The community—one that mirrors the Welsh one in many ways, in its traditions and heritage—bands together to enjoy a special event called Fancy Egg Days, which features a performance by several students and the crowning of Little Miss Emlyn Springs.

Throughout the book, we follow the lives and loves of the three adult children—interspersed with passages of Hope Jones’s diary from the 60s and 70s—and come to admire and cheer them on as they struggle with the foibles they have inherited (in part due to the devastation wrought by their mother’s passing), and also the unique heritage of their small community.

And then, as the drama of Fancy Egg Days draws to a close, another devastation is visited upon the town residents. Will they pick up the pieces of their lives again? Will they somehow turn devastation into triumph?

A compelling read, Sing Them Home: A Novel, introduces the reader to a treat—an exploration—into the lives of characters that become so real that they feel like our own neighbors in some small town community we know. In the end, we long for the story to continue.

JOY: IN UNEXPECTED PLACES — A Review of “Joy School”

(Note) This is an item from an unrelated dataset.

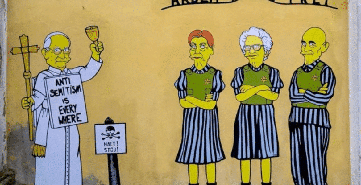 Un impactante mural en Milán conmemora el 80º aniversario de la liberación de Auschwitz-Birkenau y denuncia la persistencia del antisemitismo en la sociedad actual. La obra, titulada ‘The Simpsons – Halt! Stoj! – Anti-Semitism is everywhere’ (El antisemitismo está en todas partes), es una creación del artista aleXsandro Palombo, conocido por su estilo pop art y por utilizar la estética de estos míticos personajes en sus mensajes críticos.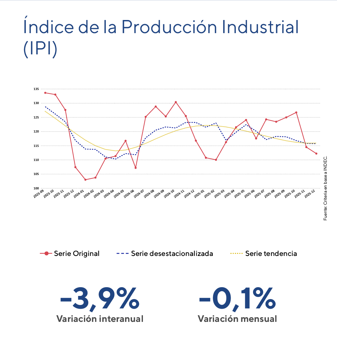 En diciembre, el Índice de Producción Industrial (IPI), en términos desestacionalizados, cayó 0,1% mensual y mostró una contracción interanual del 3,9%. En el acumulado del 2025, la actividad industrial registra un avance del 1,6% respecto de igual período de 2024.

Joy School“Young as I am, I know now that everything is about to come. Jimmy will be the place for me to learn the real happiness. He will be my Joy School. My joy. Mine.”

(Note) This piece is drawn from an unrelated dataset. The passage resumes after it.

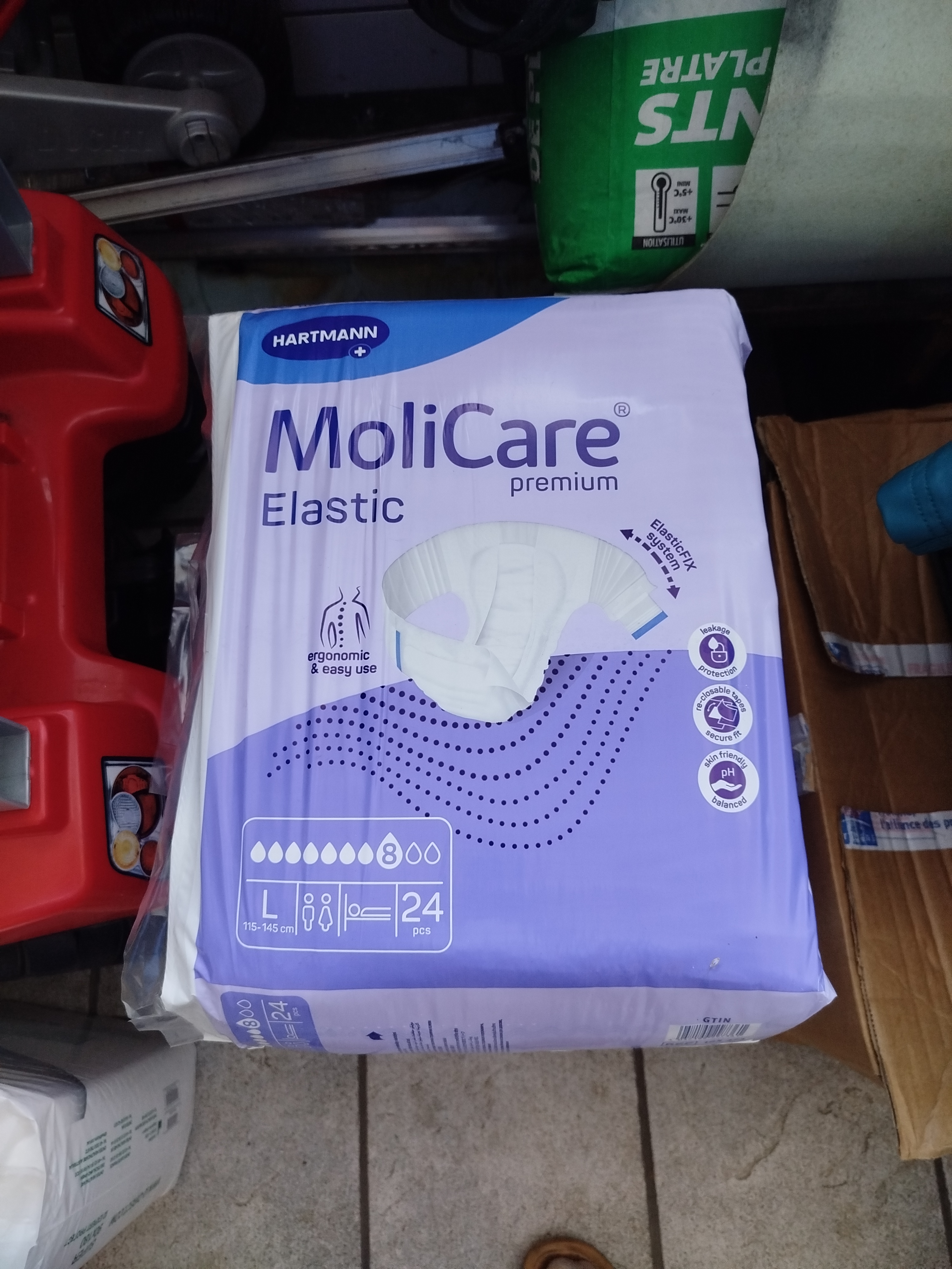 Donne 3 paquets de couches adultes Molicare Prenium élastic 8 gouttes taille L et un paquet d'alèzes dimensions 80x190

These words sum up this story, about a 13-year-old girl, Katie, transplanted to Missouri after her mother’s death, and subject to the mercurial moods of a stern, inaccessible father; she finds solace in the housekeeper and in her two friends—Cynthia, who is odd and whose grandmother actually interests Katie, with her loud, Italian ways and her penchant for cooking pasta in the middle of the night—and Taylor, a shoplifter, who introduces Katie to her larcenous skills and to make-out sessions at the drive-in theater.

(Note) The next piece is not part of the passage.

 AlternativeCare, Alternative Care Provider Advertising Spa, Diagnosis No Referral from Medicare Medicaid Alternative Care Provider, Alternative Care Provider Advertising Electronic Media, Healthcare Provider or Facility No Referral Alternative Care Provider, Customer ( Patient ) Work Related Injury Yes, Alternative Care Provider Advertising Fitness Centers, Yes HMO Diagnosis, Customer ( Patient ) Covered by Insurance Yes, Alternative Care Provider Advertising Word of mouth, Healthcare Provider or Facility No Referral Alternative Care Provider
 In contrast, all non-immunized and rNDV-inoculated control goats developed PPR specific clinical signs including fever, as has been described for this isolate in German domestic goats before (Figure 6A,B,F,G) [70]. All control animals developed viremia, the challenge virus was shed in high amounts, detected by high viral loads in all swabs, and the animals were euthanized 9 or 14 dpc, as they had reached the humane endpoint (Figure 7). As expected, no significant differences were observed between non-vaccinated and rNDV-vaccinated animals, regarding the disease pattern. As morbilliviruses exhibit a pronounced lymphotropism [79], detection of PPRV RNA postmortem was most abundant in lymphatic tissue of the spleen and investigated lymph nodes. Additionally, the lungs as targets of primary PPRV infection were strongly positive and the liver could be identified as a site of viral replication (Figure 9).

And then there is Jimmy—a 23-year-old married man, who comes to her rescue one day when she has fallen through the ice while skating—and who pays her the kind of attention she is sorely lacking in her everyday life.

This coming-of-age tale skillfully describes a young girl who is out-of-place in her world—a world set in the fifties or sixties—and who searches for some kind of kinship with the cast of characters placed in her path.

We connect with her, in that the author paints a picture of this isolation in such a way that we can relate. We think—Oh, yes, I know what that feels like. And as the story comes to an end, we can feel the hope—just as she experiences it.

Joy School (Ballantine Reader’s Circle) is memorable, hilarious and heartbreaking.


IdenticalIn Ellen Hopkins’ Identical, identical twins Kaeleigh and Raeanne share a complicated, traumatic history.

Some of this history is revealed in pieces as the book progresses, showing us the twins as mirror images of each other, with Kaeleigh bingeing and cutting herself and Raeanne abusing drugs and engaging in sexual acting-out.

With their parents as pillars of the community—their father is a judge and their mother a member of congress—their lives would seemingly be picture-perfect. Certainly the external accouterments would suggest that.

But behind closed doors, ominous forces are at play—a father who sexually abuses his daughter and a mother that looks the other way—and the mirror image twin who observes and notices and protects in the only way she knows how.

Unable to reach out for help, the twins limp along, surviving as best they can.

And then, startling information comes out—at the hands of their paternal grandfather—revealing something of their father’s history that explains a lot.

A final revelation startles the reader while finally allowing the light to shimmer in…And now, healing can begin.

As I read this book, I was put off at first by the style of the text, but came to admire the creative arrangements of the words on the page—reflections of the emotion portrayed—and the original design of Kaeleigh and Raeanne’s voices as “mirror images” on opposing pages when transitioning from one voice to the other.

I will not forget this book for a long time.